Кое-что в этой истории показалось мне знакомым, и я невольно спросила, где находятся Серые Холмы.

— Да там, — сказал он, махнув рукой вверх, — пройдете «Лису с ищейками», потом двигайте лесом, по старым руинам. Отсюда добрых пять миль, место чудное. Скудней земли нет до Монмаута, право слово, но пастбище для овец там доброе. Да, не повезло бедняжке миссис Кредок.

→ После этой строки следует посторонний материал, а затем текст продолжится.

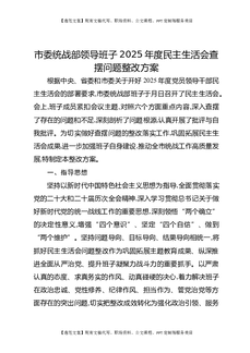 市委统战部领导班子2025年度民主生活会查摆问题整改方案.docx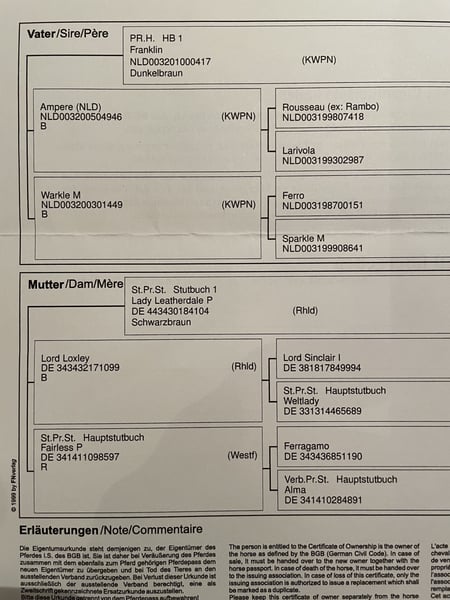 Cosi ist eine ruhige, selbstbewusste und unkomplizierte vierjährige Stute von Franklin aus der Lady Leatherdale, der Mutter des gekörten Hengstes Bernay. Cosi lässt sich gut vom Hufschmied führen, verlädt leicht, lässt sich alleine oder mit Freunden ausreiten und steht ruhig beim Scheren. Sie ist klug, lustig und lieb. Cosi ist umgeben von Schweinen, Hühnern, Enten und Hunden aufgewachsen und lässt sich nicht so leicht aus der Ruhe bringen. Cosi ist 175 cm groß. Ihre Zähne wurden gerade gemacht. Sie wurde regelmäßig entwurmt und geimpft und war weder krank noch lahm. Sie geht täglich mit einer Gruppe anderer Stuten raus und versteht sich gut mit ihnen.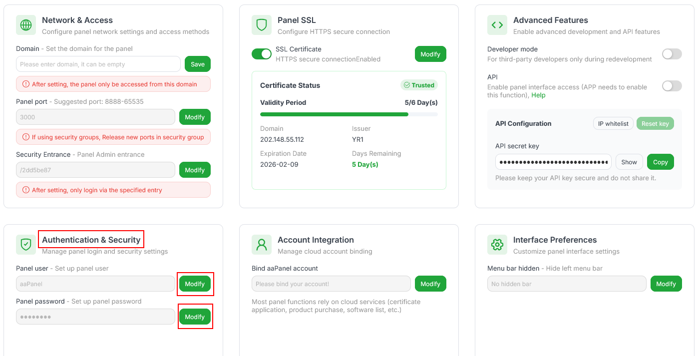 Подробная информация по основным настройкам aaPanel содержится в документации разработчиков.

Старик вернулся к своей работе, а я побрела вниз по тропинке меж подагрически скрючившихся от старости шпалер, обдумывая услышанную историю и пытаясь понять, что именно нашло отзвук в моей памяти. И вспомнила: я видела слова «Серые Холмы» на полоске пожелтевшей бумаги, которую вынимал из ящика в своем кабинете профессор Грегг. Меня вновь охватил страх, смешанный с любопытством. Мне припомнились странные буквы, срисованные с известняковой скалы, идентичная им надпись на древней печати и фантастическая легенда римского географа. Я понимала: если только не чудом уготовлены все эти странные события, то мне суждено стать очевидцем того, что совсем не укладывается в рамки обыденных представлений о жизни.

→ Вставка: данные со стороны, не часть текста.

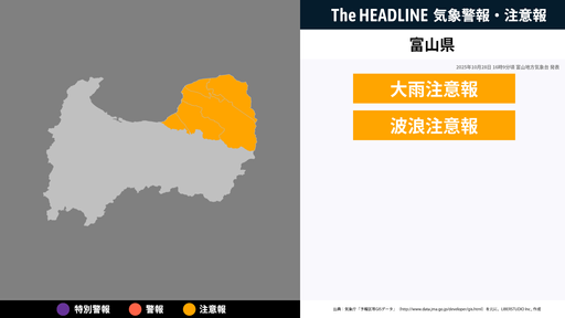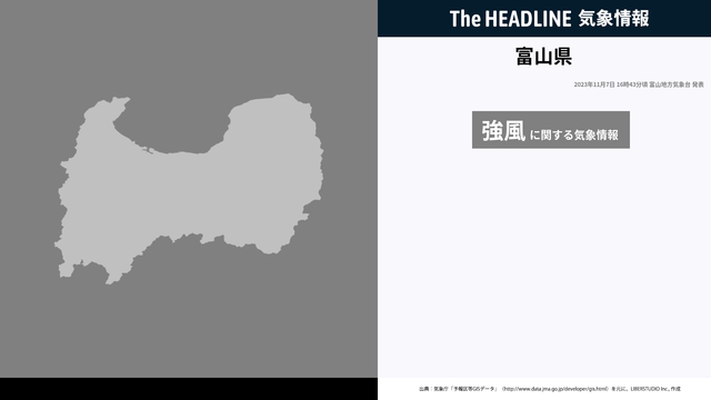 11月7日16時43分、富山地方気象台は、富山県に発表されている警報・注意報の経過、予測、防災上の留意点などを解説するために発表していた気象情報を更新した。

Я наблюдала за профессором Греггом изо дня в день: он шел по горячему следу, он худел на глазах, а по вечерам, когда солнце переваливало за вершину горы, он, не отрывая глаз от земли, расхаживал вокруг дома, пока туман в долине не сгущался до белизны, вечерняя тишь не приближала далекие голоса и голубой дымок из ромбовидной трубы серого фермерского дома ровной струйкой не устремлялся ввысь — точь-в-точь как в то утро, когда я впервые его увидела. Я уже говорила, что во мне сильна скептическая жилка, но несмотря на это я начала бояться и тщетно успокаивала себя, мысленно повторяя избитые истины о том, что мир материален, что в природе вещей нет ничего непостижимого и что даже сверхъестественное может быть объяснено с научной точки зрения. Но все эти догмы разбивались мыслью о том, что материя на самом деле столь же пугающе непостижима, как и дух, что сама по себе наука занята ерундой и скольжение по поверхности сокровенных тайн — предел ее возможностей.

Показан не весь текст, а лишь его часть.